====== Data for this task

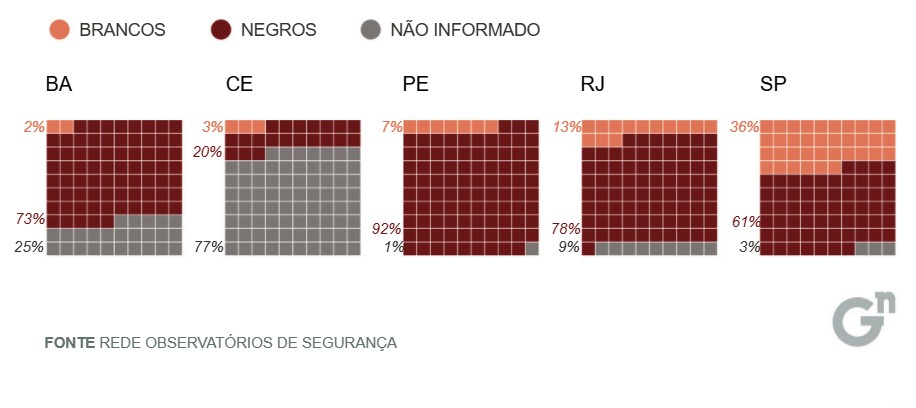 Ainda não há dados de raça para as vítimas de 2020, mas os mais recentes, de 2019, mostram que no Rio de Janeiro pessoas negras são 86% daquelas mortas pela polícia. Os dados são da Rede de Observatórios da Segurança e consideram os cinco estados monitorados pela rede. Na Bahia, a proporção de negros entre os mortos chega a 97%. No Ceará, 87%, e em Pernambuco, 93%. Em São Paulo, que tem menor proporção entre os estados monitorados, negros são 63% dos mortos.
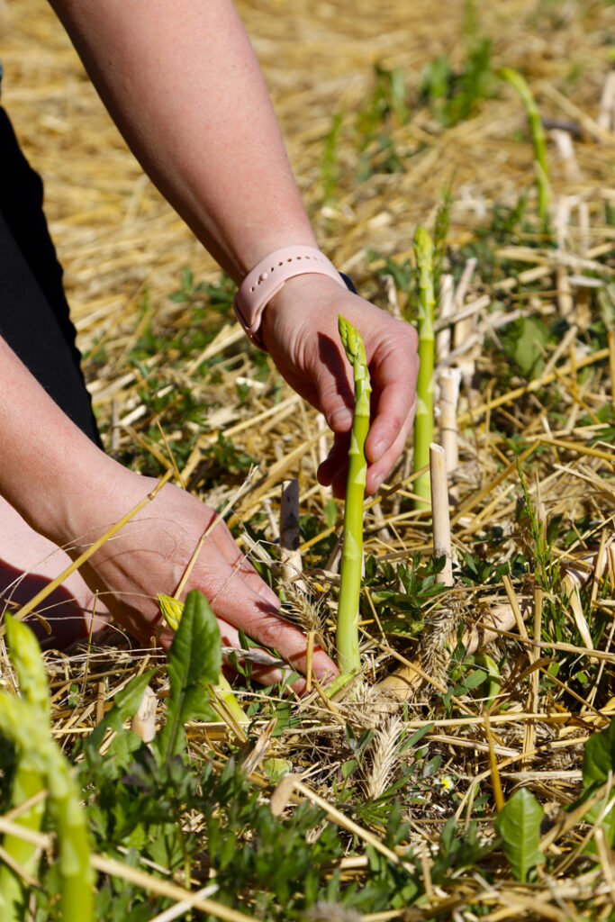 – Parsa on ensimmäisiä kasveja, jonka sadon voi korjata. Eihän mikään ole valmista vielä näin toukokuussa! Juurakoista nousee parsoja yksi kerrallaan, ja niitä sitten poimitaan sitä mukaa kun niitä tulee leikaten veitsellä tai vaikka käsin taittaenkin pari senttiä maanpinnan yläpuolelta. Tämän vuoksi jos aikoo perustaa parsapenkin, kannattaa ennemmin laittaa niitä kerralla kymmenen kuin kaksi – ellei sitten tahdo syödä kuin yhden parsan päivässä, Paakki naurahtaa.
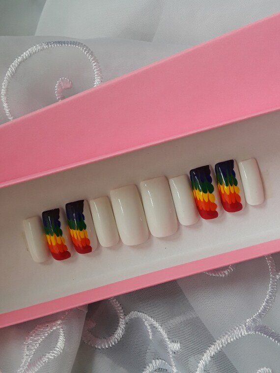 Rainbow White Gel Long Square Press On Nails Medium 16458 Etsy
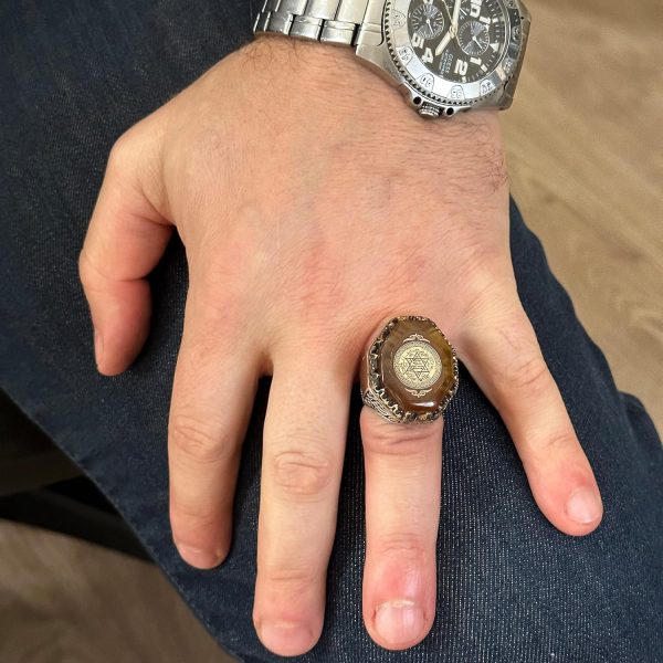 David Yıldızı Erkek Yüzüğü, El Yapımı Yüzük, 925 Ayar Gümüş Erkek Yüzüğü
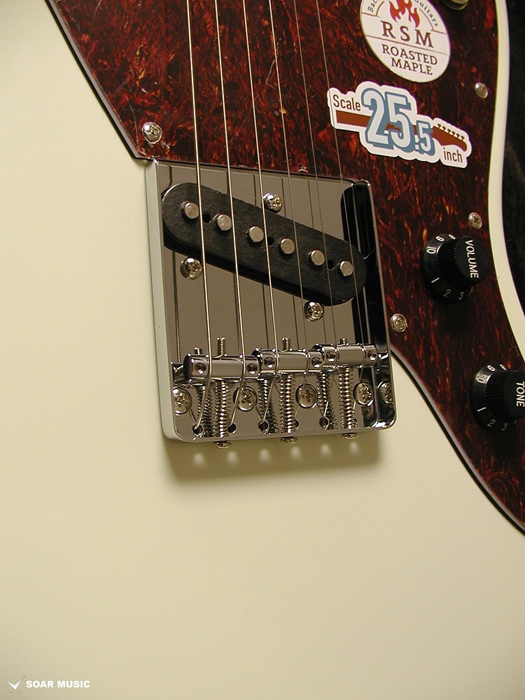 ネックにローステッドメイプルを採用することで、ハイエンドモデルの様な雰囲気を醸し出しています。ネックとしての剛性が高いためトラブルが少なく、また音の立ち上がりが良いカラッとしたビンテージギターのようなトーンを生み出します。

============
====== Data for this task

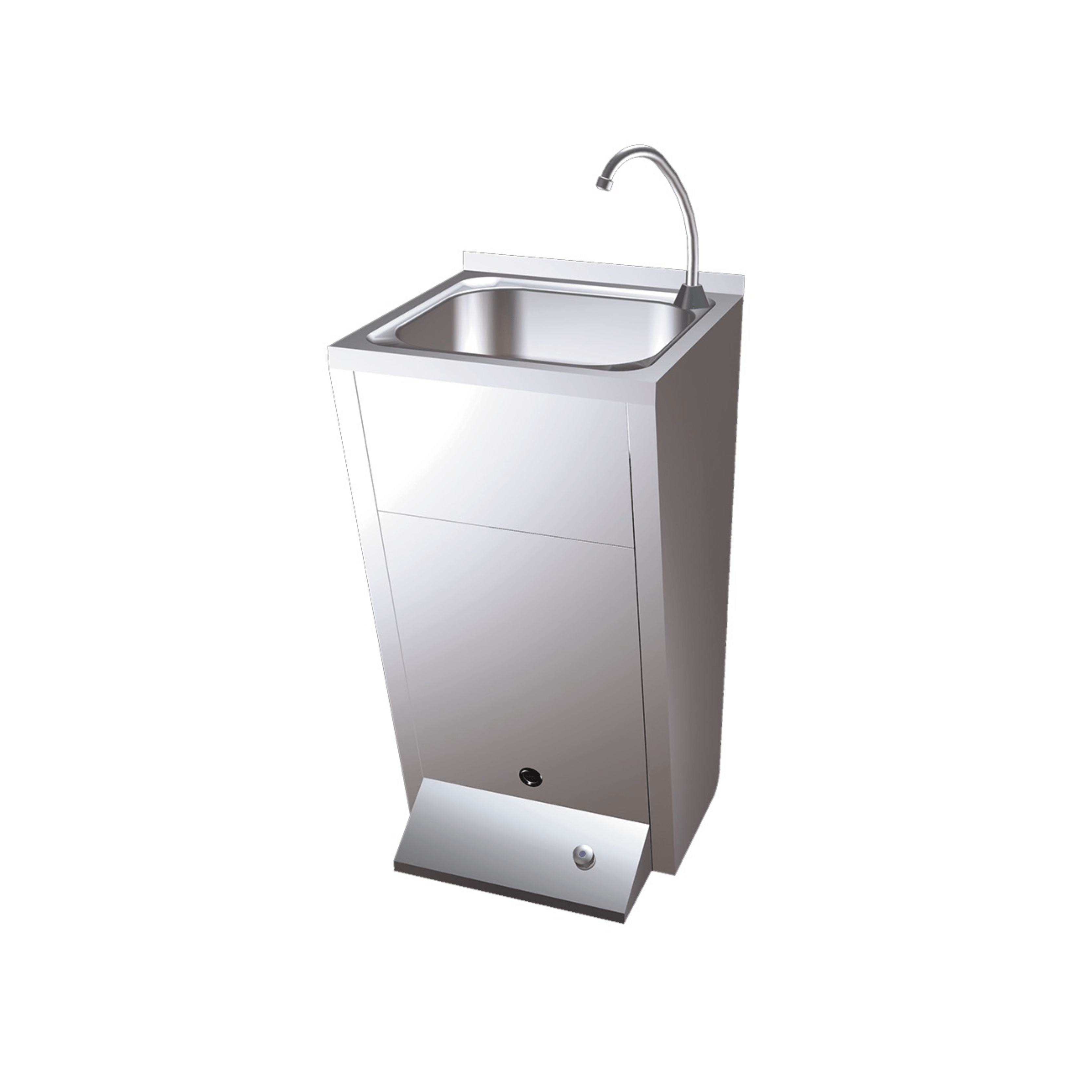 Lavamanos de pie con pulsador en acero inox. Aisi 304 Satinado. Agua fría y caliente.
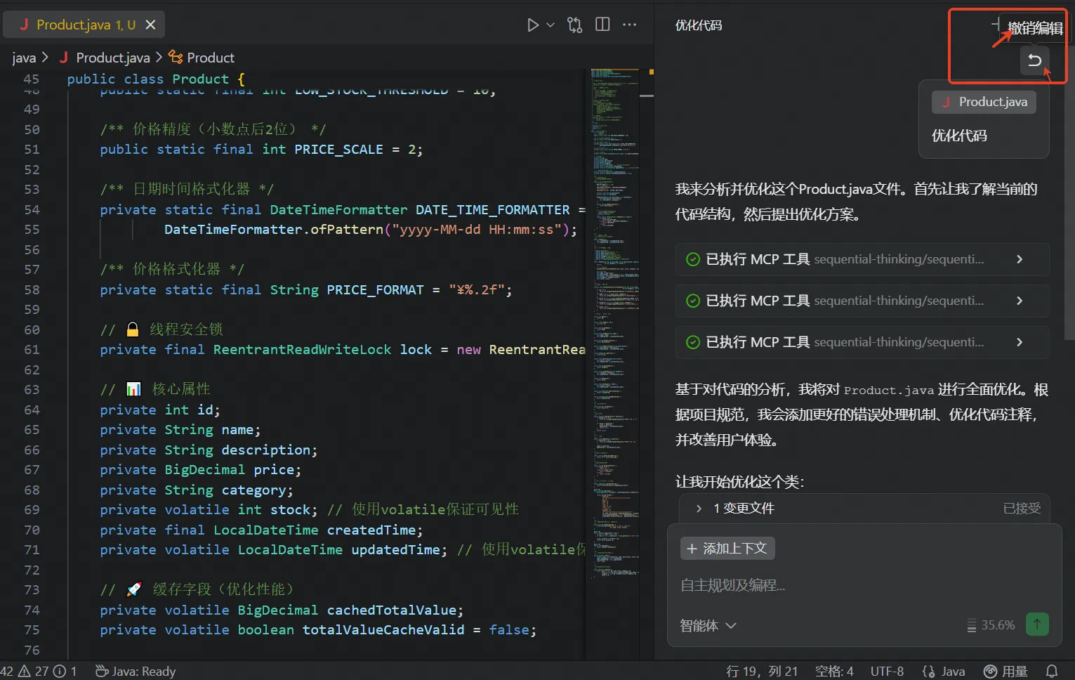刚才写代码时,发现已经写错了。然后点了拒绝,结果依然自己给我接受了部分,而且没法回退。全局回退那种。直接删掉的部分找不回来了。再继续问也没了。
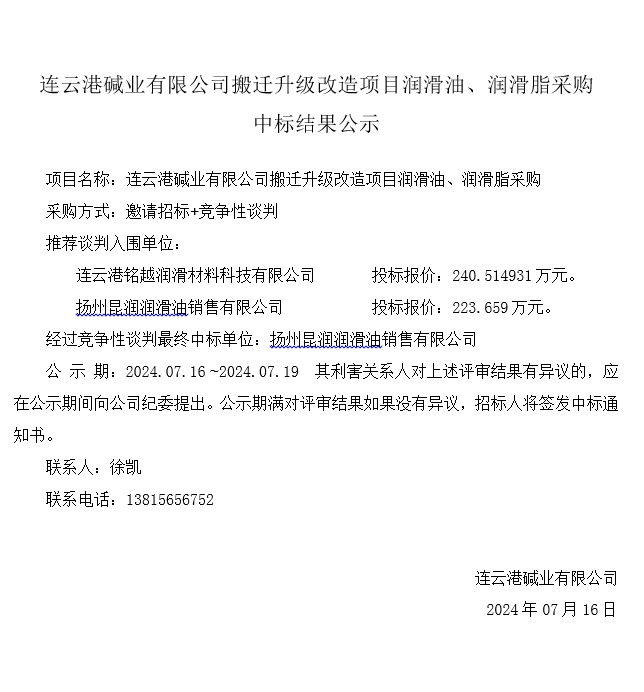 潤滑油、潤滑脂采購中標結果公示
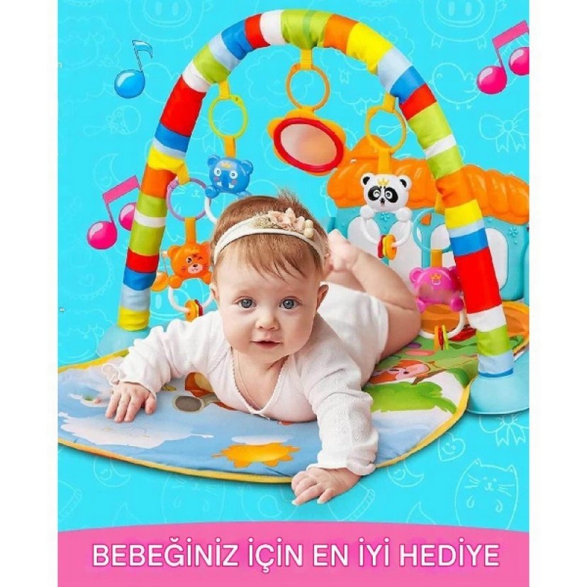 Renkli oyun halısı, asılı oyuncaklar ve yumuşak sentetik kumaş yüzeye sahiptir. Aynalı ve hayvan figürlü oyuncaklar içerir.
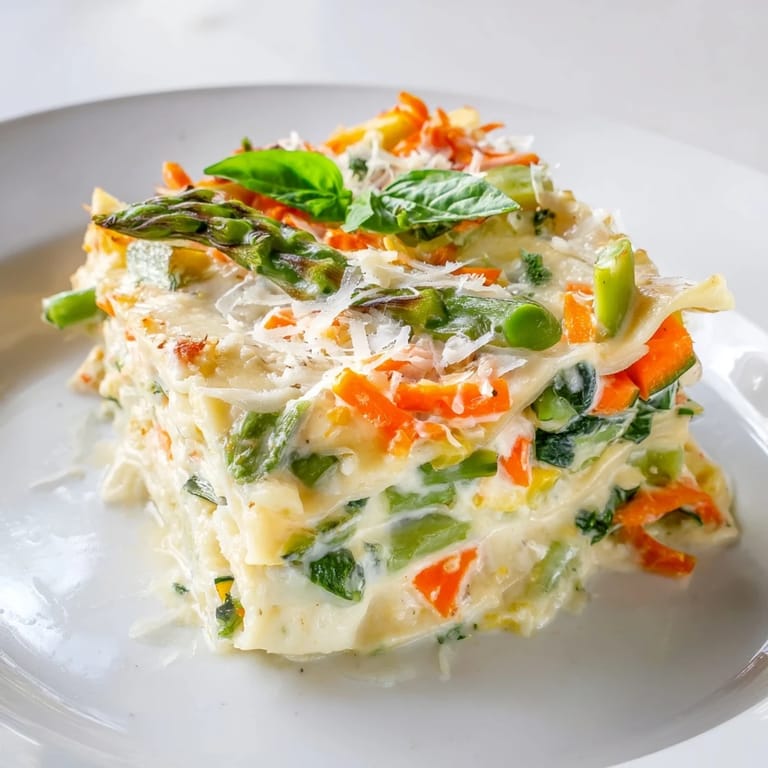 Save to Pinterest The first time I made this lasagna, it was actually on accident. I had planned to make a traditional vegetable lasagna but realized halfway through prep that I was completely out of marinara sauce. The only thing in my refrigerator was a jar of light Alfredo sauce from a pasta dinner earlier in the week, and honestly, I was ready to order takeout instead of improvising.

============

What is expected: Could you write out exactly the lines of the data above that run from the one holding "Rainbow White Gel" to the one holding "ネックにローステッドメイプル", with both ends in and all pictures out?

Task answer:
 Rainbow White Gel Long Square Press On Nails Medium 16458 Etsy
 David Yıldızı Erkek Yüzüğü, El Yapımı Yüzük, 925 Ayar Gümüş Erkek Yüzüğü
 ネックにローステッドメイプルを採用することで、ハイエンドモデルの様な雰囲気を醸し出しています。ネックとしての剛性が高いためトラブルが少なく、また音の立ち上がりが良いカラッとしたビンテージギターのようなトーンを生み出します。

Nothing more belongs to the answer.